Developers will be able to access the DBMS through the Web, using a Java 2-compliant application server.
Verano Inc. is making its system more flexible and easier to access by developers. The company, which provides software for monitoring, analyzing, and displaying real-time data collected from equipment used by utilities, transportation, energy, and manufacturing, will ship a new version of its platform April 8. The new version, Real-Time Application Platform/i, will expose the database management system through a Java application programming interface and include a set of library tags for reusing data objects.
The enhancements will make it possible for developers to access Verano's DBMS through a Web application running on a Java 2-compliant application server, delivering graphical depictions of data through a browser, Verano CEO Pan Kamal says. Using the new set of library tags, developers will be able to more easily segment data in Verano's database to deliver separate information to different users. (A business manager may not want the same data viewed by an engineer.) RTAP/i, which will sell for a starting price of between $60,000 and $100,000, will be particularly helpful to systems integrators, such as Verano partner Aston Dane plc, based in the United Kingdom, Kamal says.

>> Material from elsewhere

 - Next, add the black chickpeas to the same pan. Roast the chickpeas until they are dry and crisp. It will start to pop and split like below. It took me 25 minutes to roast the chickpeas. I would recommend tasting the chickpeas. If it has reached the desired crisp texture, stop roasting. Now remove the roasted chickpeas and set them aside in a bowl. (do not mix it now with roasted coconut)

Building support for the Java platform in RTAP/i lets customers deliver information to any terminal or thin client with a browser, says Zeus Kerravala, an analyst for the Yankee Group. In addition, customers can integrate other software, such as applications for creating reports to engineers or business managers. Java support "gives the customer a lot more flexibility with the information," Kerravala says.

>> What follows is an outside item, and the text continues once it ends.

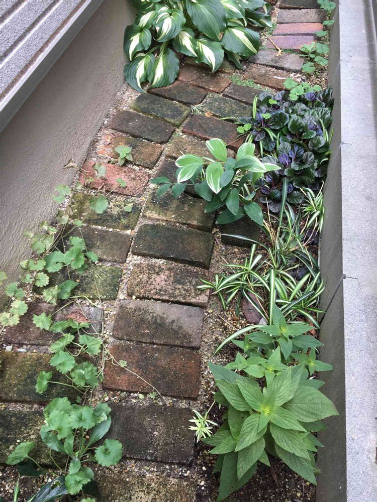 右手前の苗は何かわからないままとりあえずここに植えました。ベルガモットかもしれませんが名前がわからないです。ポットのままでは直ぐに水切れするのでこの場所でやってみたんですが、植えて2週間ぐらいでしょうか。葉っぱの色が薄くなり小さな虫が蜘蛛の巣のようになっていました。この場所ではあわないんですねー😖💦もう一度掘り上げして切り戻ししたところです。ギボウシの奥に植えたジュズサンゴ をこちらにもってこようかなあと思ってます。

Verano's platform includes drivers and interfaces that gather real-time data from industrial devices monitoring, for example, crude oil flowing through a pipeline. The data is stored in memory within Verano's database management system, which includes a layer of analytical software. Besides monitoring data from pipelines, rail lines, or other industrial equipment, engineers can take action through Verano's software console, such as switching trains from one track to another. A lot of the technology used in RTAP was obtained through Verano's acquisition in 2000 of the automation integration software division of Agilent Technologies Inc., formerly a unit of Hewlett-Packard.